This behavior is making me feel awful like I am unable to cuddle and hold him without causing him to squeak.. 

Oops almost forgot to mention that I checked his body for any scratches or growths, but he seemed fine physically....


----------



## L_B_b_B_Rat (Jan 24, 2008)

My boy Chewy also does this. That squeak you get when you pet them is a happy squeak, and the grunt sounding one is an unsure squeak. No worries, mine BOTH do this when they're sleeping, they can't see you so they're afraid at first. They also do that unsure squeak when you give them bath's... and like I said, Chey's the loud one, and he SCREAMS! While Lucky is just more squirmy, Chewy makes us know when hes not into it or he's scared. Hope this helps!

Logan B. / L_B_b_B_Rat
Logan's Rattery


----------



## lilspaz68 (Feb 24, 2007)

Sounds like you have a vocal boy. I doubt he's hurt at all, he's just not a brave character. Be as gentle as possible and telegraph when you are picking him up, but ignore his squeaks and he'll hopefully get over his issues soon :lol:


----------



## Adie09 (Jan 24, 2008)

My rat Blinkin' does this...but I see it more as a 'leave me alone to explore the blankets' squeek. lol I dunno she doesn't seem to do it that much anymore but I didn't really think that much of it. I figured she was just a squeeker lol

Nikki >.<


----------



## Psykotik (Feb 3, 2007)

he might not be fully used to yet... try what i did (thanks jenny or twitch, cant remember which one  for this idea) take a few nice warm showers with him, dont let him climb up you, but perhaps occasionlly petting him while hes on the floor of the tub?
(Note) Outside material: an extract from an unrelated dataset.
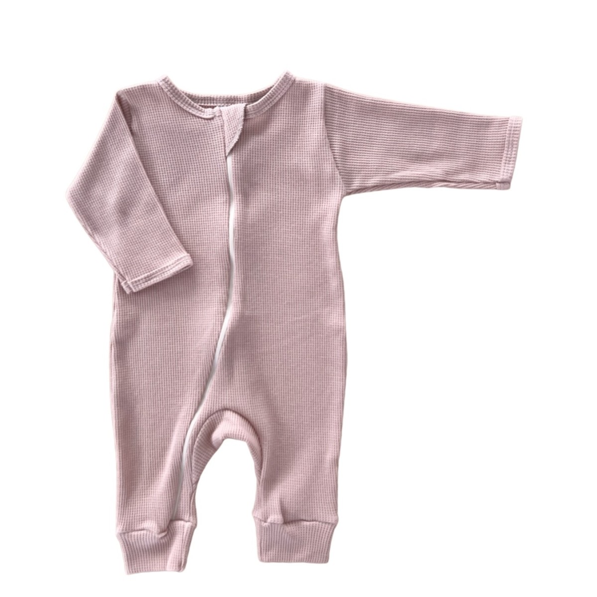 Комбинезон из вафельного трикотажа с открытой ножкой и длинным рукавом.

it worked with Juranamo, he used to be a squeaker, now hes jsut a jumper =P


----------



## beanieboo-rattles (Jan 3, 2008)

LOL i tried the shower thing with one of mine....i ended up with my calves shredded lol guss she isnt a water baby =p


----------



## spoongirl (Dec 19, 2007)

> Sounds like you have a vocal boy. I doubt he's hurt at all, he's just not a brave character. Be as gentle as possible and telegraph when you are picking him up, but ignore his squeaks and he'll hopefully get over his issues soon


Yeah this seems like the most likely situation with him. I think he just gets moody sometimes and is willing to let me know :roll: I was just getting a bit worried since, he can be so whiny sometimes :lol: He's a super sweetie though and seems the most kissy and affectionate of all my boys so far. 



As for the shower suggestion.. oh boy he would have an all out conniption fit and scratch up my calves. I tried giving my boys a bath a few weeks ago and they got really upset. I've never had rat's get that upset over a bath before. So I've opted for the baby wipe route for the time being. 

Anyways thanks for the suggestions


----------



## Sami (Dec 11, 2007)

Dust squeaks every now and then when we hold her. She cries every time we give her URI meds, and sometimes when she _thinks_ we're going to give her meds. Also when we take her treats away, but other than that she never squeaks. Some rats just like to make their opinions known to the world, just like people. XD


----------



## dragonegg (Oct 2, 2007)

My Pookie squeaks a lot, at me and at her buddy Scrumph. It's just her way of saying, "I don't want this". She squeaks when Scrumph wrestling is getting too much for her. 

Mostly she doesn't squeak now when I pick her up, but when she realizes I'm about to put her back into her cage, she squeaks and tries to jump out of my hand. LOL.


----------